Ha detenido usted el progreso democrático y el avance liberal y ha prostituido usted, con perversidad infantil, el sentido marxista. Es usted un andrógino de la política, un indiferenciado de la vida pública. Es usted responsable de que vayamos perdiendo el amor a la justicia, ese amor que fue base de la grandeza de Roma y es base de la grandeza de Inglaterra.
Lo único que le falta a usted es inficionar los espermatozoides a fin de conseguir que de los hijos de nuestros hijos nazcan unos fascinerosos. A la mujer, la ha embarcado usted en aventuras varoniles de conspiración y de tramoya pública.
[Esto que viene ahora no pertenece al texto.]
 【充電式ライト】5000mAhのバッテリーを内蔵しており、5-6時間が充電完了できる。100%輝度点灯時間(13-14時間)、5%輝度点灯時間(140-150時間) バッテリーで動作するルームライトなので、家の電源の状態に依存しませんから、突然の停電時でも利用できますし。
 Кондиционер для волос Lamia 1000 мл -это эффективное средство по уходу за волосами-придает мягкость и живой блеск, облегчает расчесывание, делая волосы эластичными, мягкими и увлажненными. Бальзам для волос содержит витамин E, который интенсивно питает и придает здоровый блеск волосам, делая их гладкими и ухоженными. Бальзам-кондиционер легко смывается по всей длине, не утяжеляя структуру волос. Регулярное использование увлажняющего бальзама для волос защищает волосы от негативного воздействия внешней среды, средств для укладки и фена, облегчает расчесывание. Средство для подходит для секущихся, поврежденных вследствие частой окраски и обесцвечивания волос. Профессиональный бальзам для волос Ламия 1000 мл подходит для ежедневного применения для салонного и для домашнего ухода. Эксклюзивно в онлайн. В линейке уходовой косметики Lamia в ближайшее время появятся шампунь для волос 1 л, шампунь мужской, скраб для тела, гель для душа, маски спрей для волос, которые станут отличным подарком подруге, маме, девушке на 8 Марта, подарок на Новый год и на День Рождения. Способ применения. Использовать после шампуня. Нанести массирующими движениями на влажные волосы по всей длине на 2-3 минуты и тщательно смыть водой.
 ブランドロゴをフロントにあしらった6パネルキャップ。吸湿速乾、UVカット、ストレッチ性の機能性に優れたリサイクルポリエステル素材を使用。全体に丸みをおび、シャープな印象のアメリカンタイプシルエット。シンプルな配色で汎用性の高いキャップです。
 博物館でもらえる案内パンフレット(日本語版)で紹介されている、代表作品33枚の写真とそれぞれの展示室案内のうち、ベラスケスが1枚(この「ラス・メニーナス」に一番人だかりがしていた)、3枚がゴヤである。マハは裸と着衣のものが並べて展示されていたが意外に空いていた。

Quizá llegue usted a destruir los ovarios de las madres peruanas.
Usted tiene la culpa de que no nos haya sido totalmente posible aplicar la patriótica política financiera del Presidente del Perú. La hemos aplicado nada más que en buena parte. Pero si usted y sus muchachos asesinos no actuasen, los ricos necios no habrían alzado, tan insolentemente, sus voces para oponerse a esa política financiera tan justa y tan exacta y para impedir, felizmente nada más que en parte, su feliz aplicación. Por culpa de usted estamos a punto de que desaparezca la justicia común y la clase media, esas dos grandes conquistas de la civilización en dos mil años de marcha. Cuando la justicia se llama común es porque es para el común de las gentes, porque es justicia de la comunidad; justicia en la cual se refunden los viejos conceptos de la justicia distributiva y de la justicia conmutativa. Cuando la clase se llama media, es porque se ha conseguido el equilibrio de las clases y se ha logrado ese punto fiel donde todos los hombres igualan sus aspiraciones y sus posibilidades. Por culpa de usted, resurgen la plutocracia roñosa y la justicia no igualitaria, es decir, no común.
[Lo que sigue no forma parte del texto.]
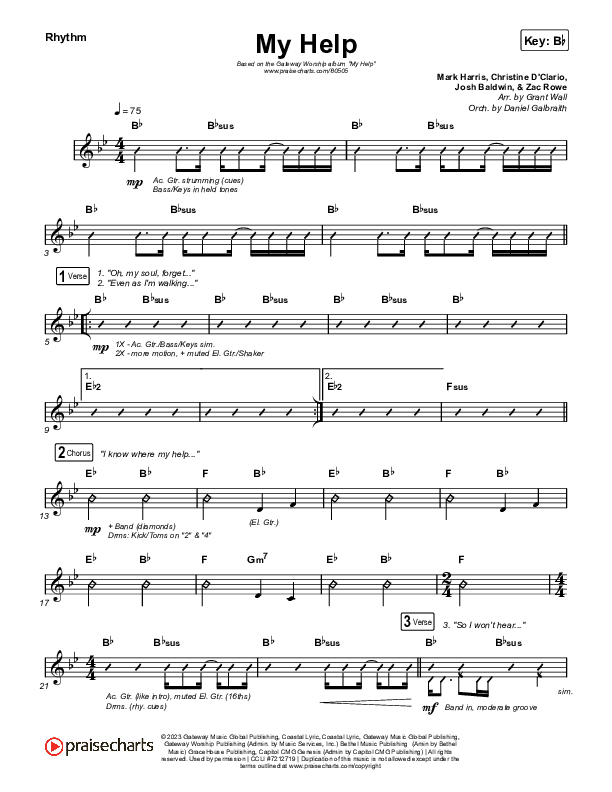 Download the Rhythm Chart for My Help by Gateway Worship / Josh Baldwin, from the album My Help. This song was arranged by Grant Wall / Daniel Galbraith in the key of A, Bb.

Mire usted cuantos daños ha producido. Por culpa de usted, yo no puedo decir ahora las tremendas verdades que tanto necesita el Perú. Usted adulteraría esas verdaderas y las convertiría en mentiras. Haría de ellas un vil acto publicitario. Y yo no puedo ni debo ser su colaborador. Mi indignación contra usted llega a este punto: antes que ser su amigo, prefiero ser oligarca. Como no puedo mentir, me callo la boca. Que caigan sobre usted las desdichas provenientes del súbito engreimiento de los tontos y de la repentina prepotencia de los criminales.
Nosotros haremos cuanto esté en nuestras manos para evitar que la tontería y el delito destruyan al Perú. Al Perú, que vale mas que usted, aunque solo sea por la razón de que usted es el Perú con signo negativo. Si es verdad que lo inminente se cumple, morirá usted en manos de un niño.